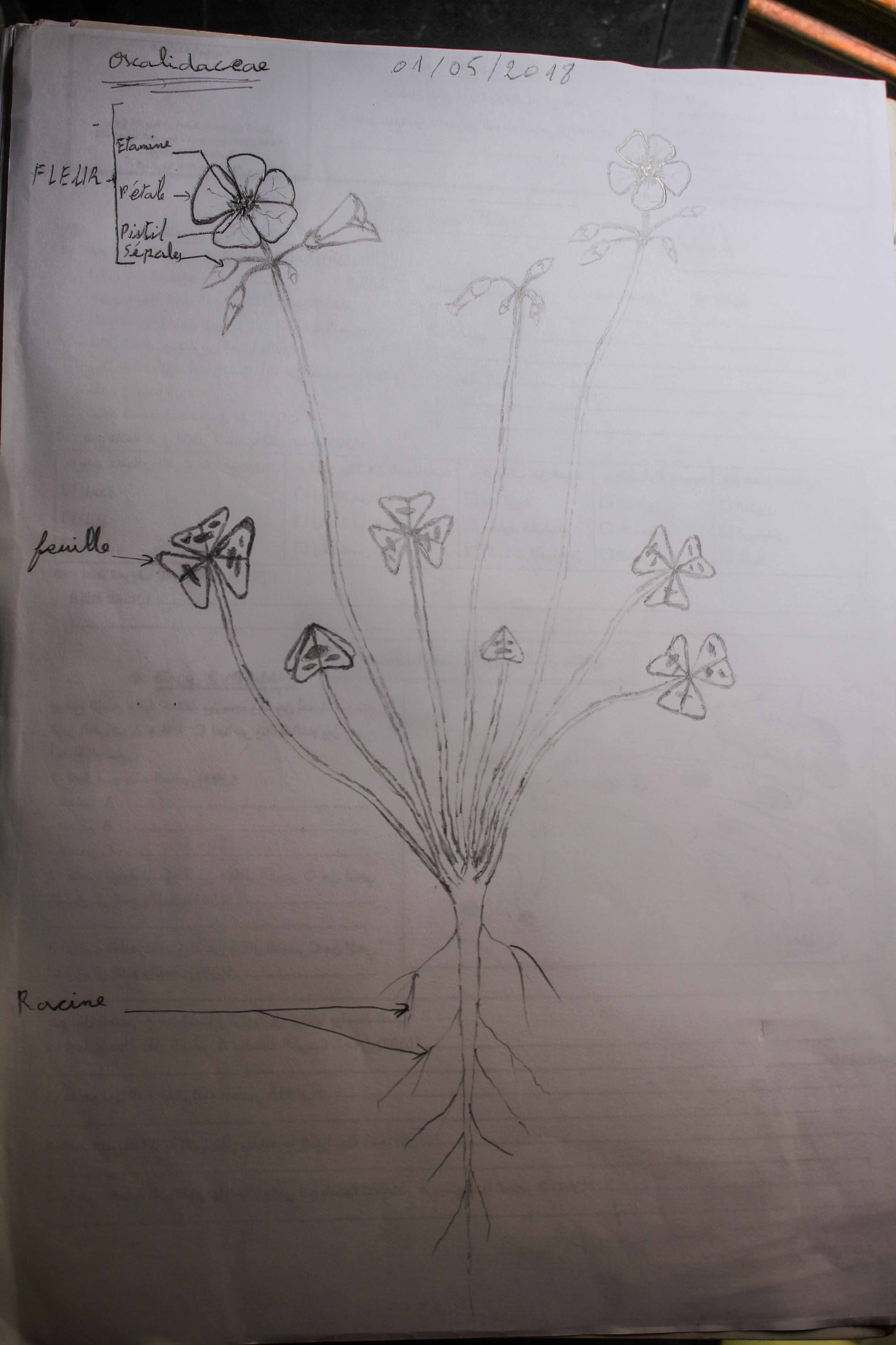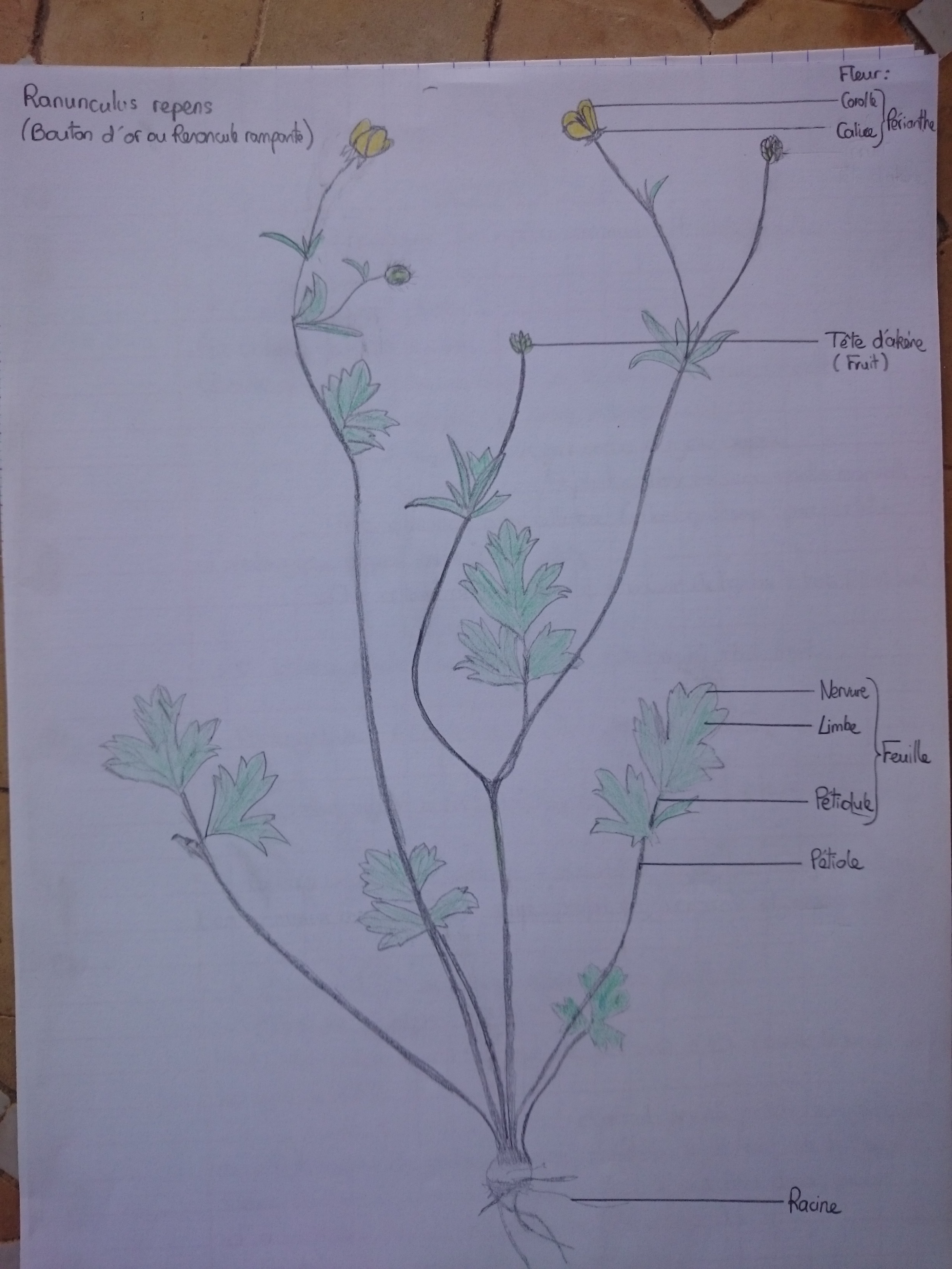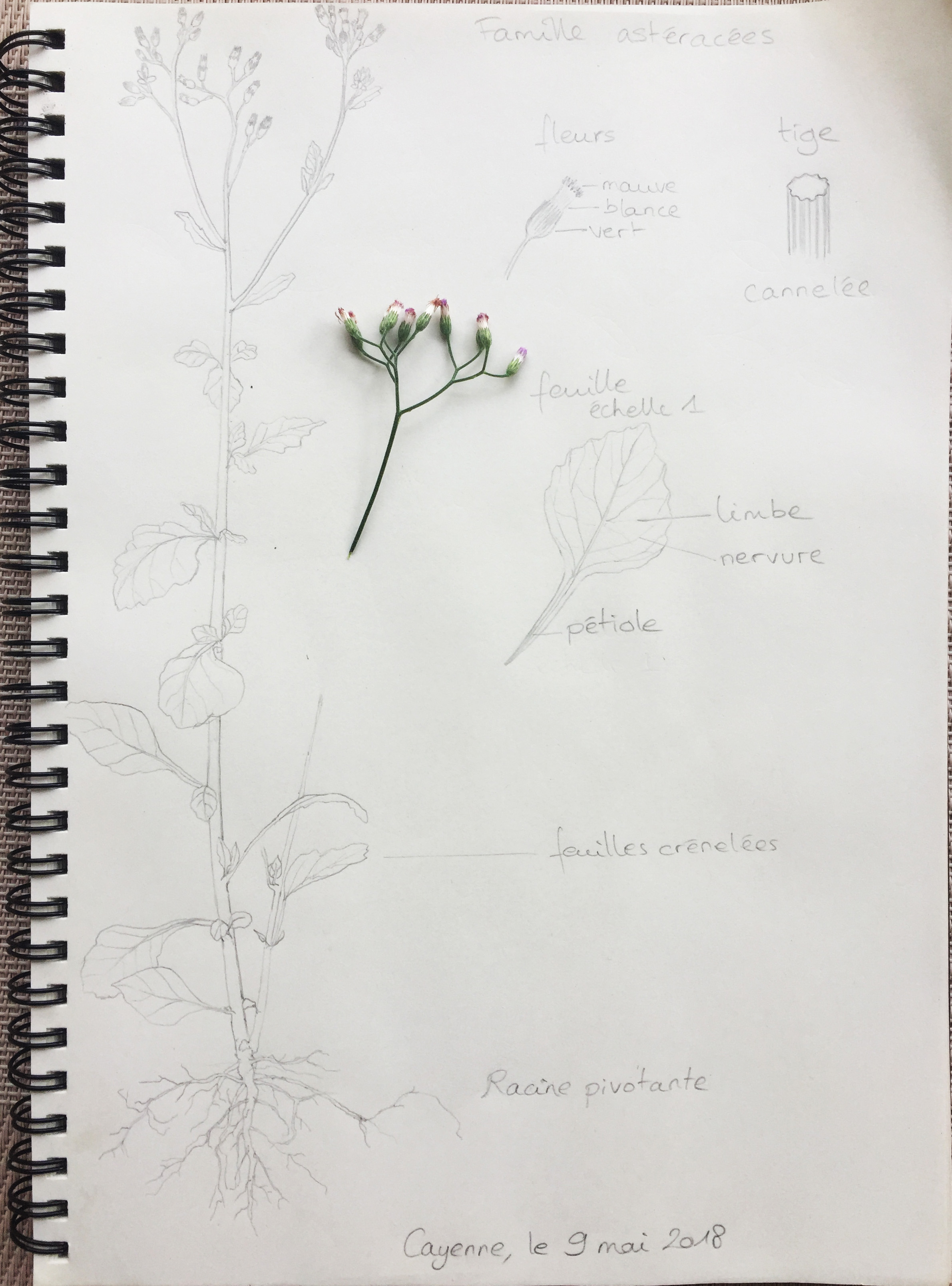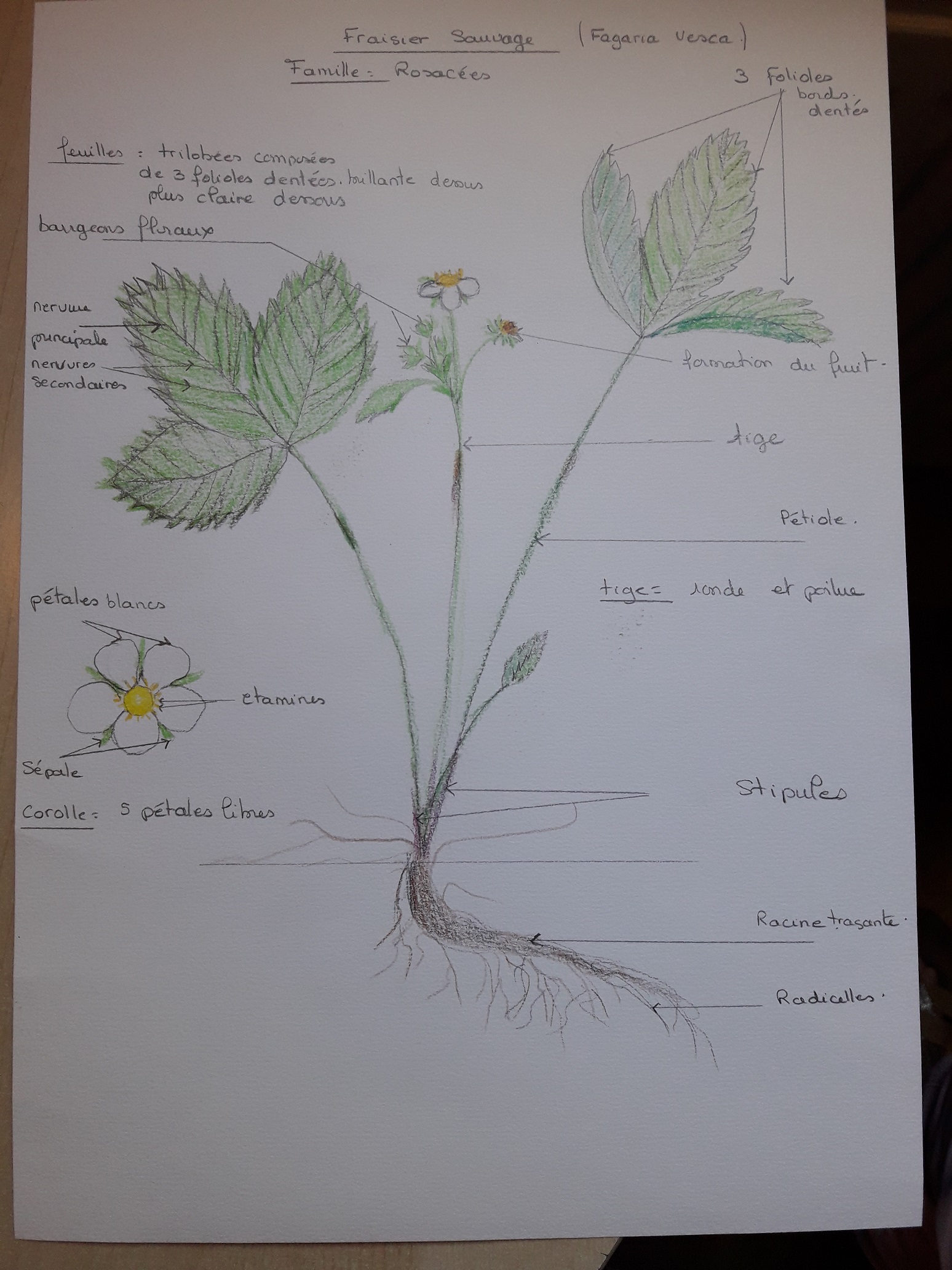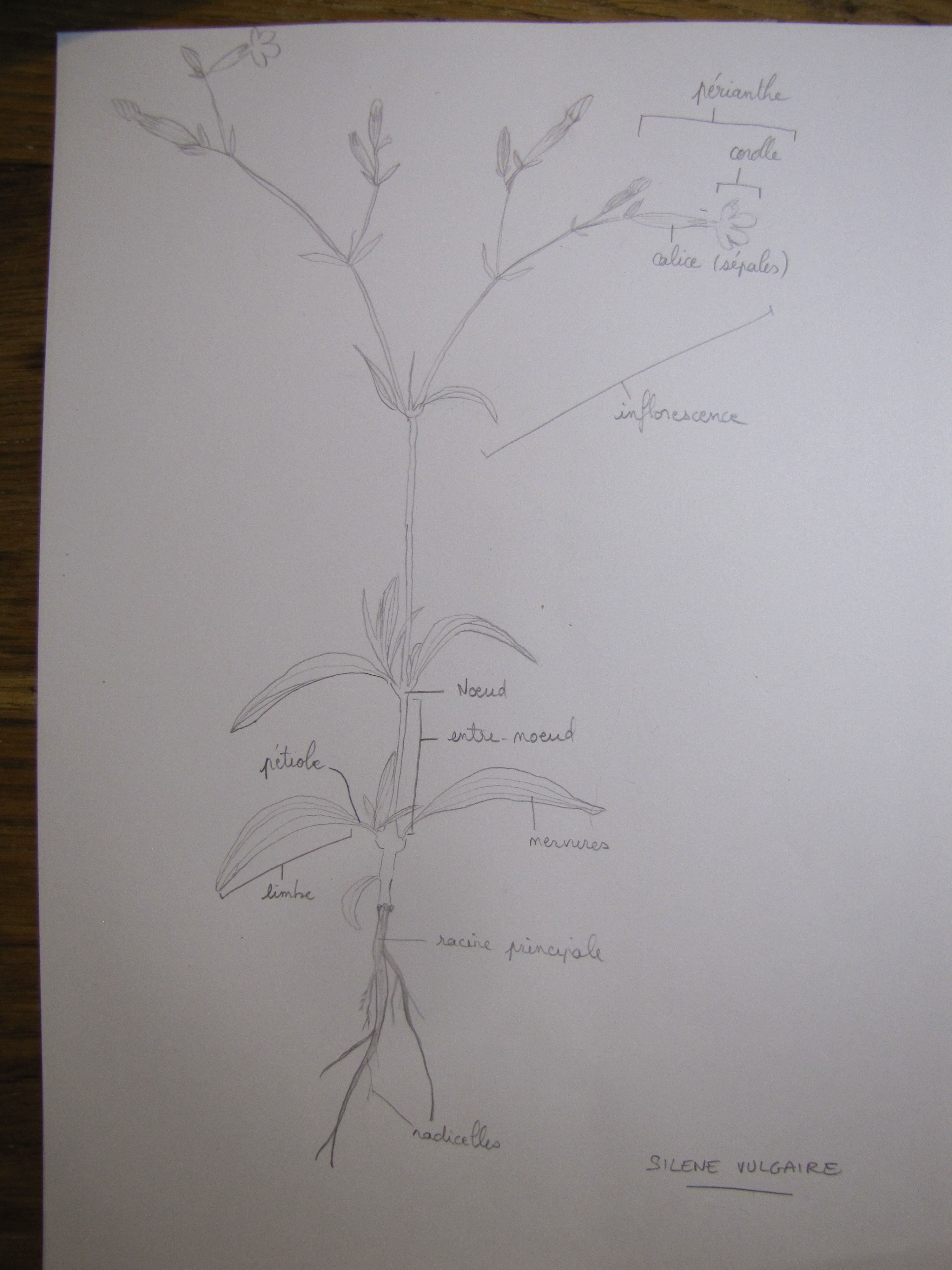 Je constate que les proportions de la plante entière et des feuilles et fleurs ne correspondent pas complètement ; les feuilles et fleurs sont relativement trop grand dans mon dessin
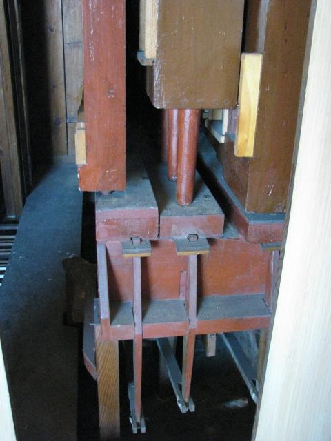 Vzdušnice pedálového stroje z boku - patrná část rejstříkové traktury - táhla a páky vedoucí k zásuvkám vzdušnice. Píšťalové řady zleva: violonbass, oktávabass a subbass
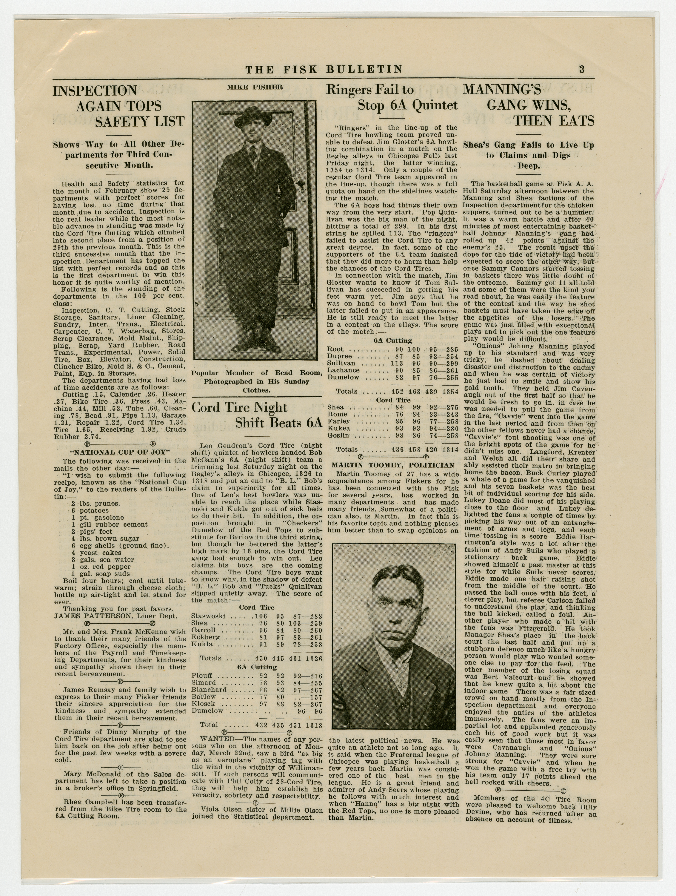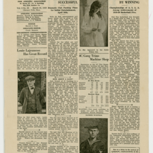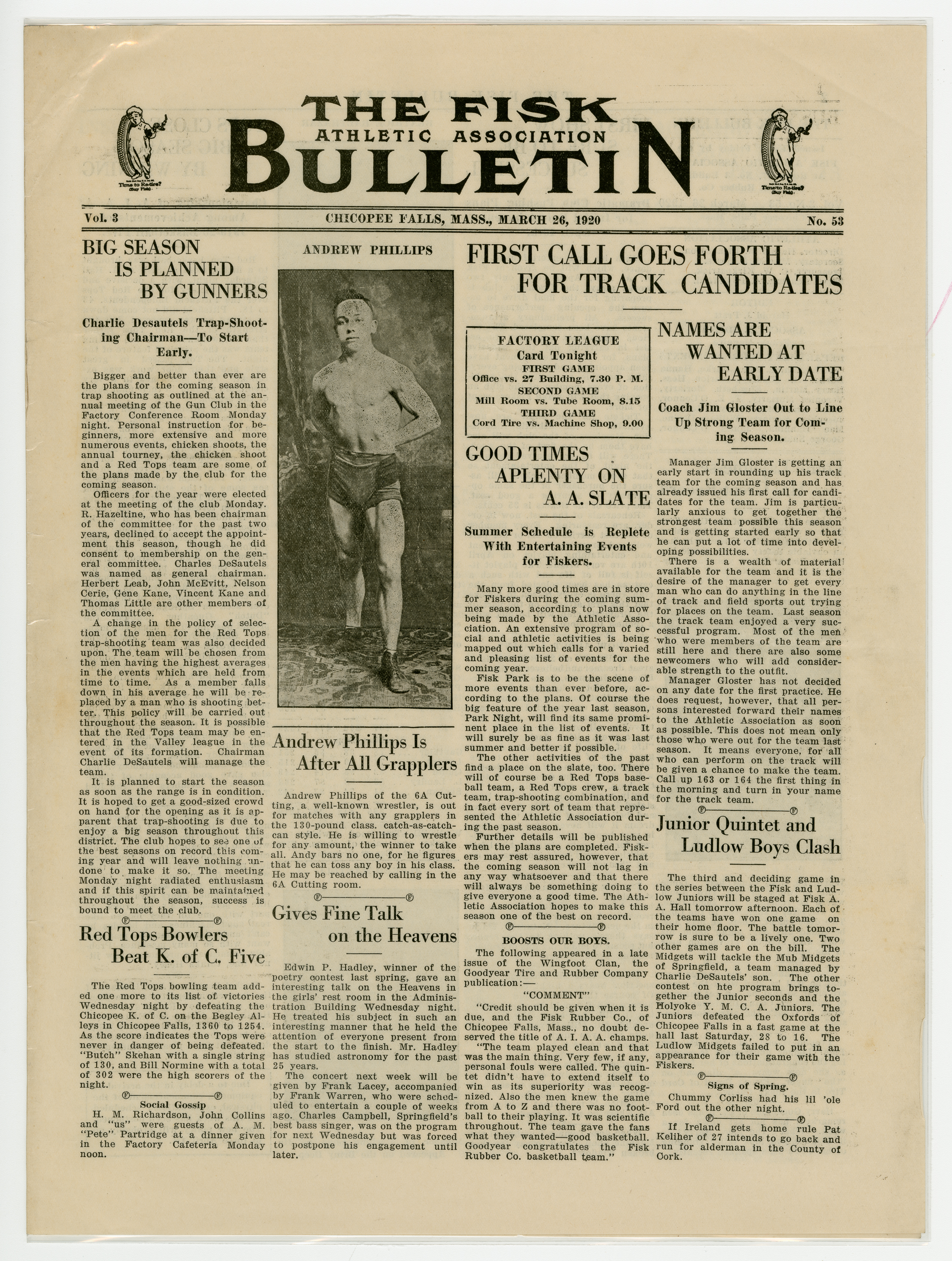 A four page newspaper describing the events related to the social groups and athletic clubs of the Fisk Tire Company for the week of March 26, 1920. Andrew Phillips, of the 6A Cutting Room, challenges all-comers in the 130 pound weight class to a wrestling match in a winner take all event. Story on page one of this week's edition of the Fisk Bulletin. Also, stories on the call for candidates to join the track team and the trap-shooting team gears up for the summer season. Page two features a preview of the drama club's performance, highlights from league play and employee notes. Page three covers bowling league play and a story on the inspection department leading all departments in the safety competition. Page four has continued coverage of competition in both the men's and women's inter-department leagues.

• Assigned task
Write all the lines above out again exactly, minus the images.

• Solution for this problem
 Je constate que les proportions de la plante entière et des feuilles et fleurs ne correspondent pas complètement ; les feuilles et fleurs sont relativement trop grand dans mon dessin
 Vzdušnice pedálového stroje z boku - patrná část rejstříkové traktury - táhla a páky vedoucí k zásuvkám vzdušnice. Píšťalové řady zleva: violonbass, oktávabass a subbass
 A four page newspaper describing the events related to the social groups and athletic clubs of the Fisk Tire Company for the week of March 26, 1920. Andrew Phillips, of the 6A Cutting Room, challenges all-comers in the 130 pound weight class to a wrestling match in a winner take all event. Story on page one of this week's edition of the Fisk Bulletin. Also, stories on the call for candidates to join the track team and the trap-shooting team gears up for the summer season. Page two features a preview of the drama club's performance, highlights from league play and employee notes. Page three covers bowling league play and a story on the inspection department leading all departments in the safety competition. Page four has continued coverage of competition in both the men's and women's inter-department leagues.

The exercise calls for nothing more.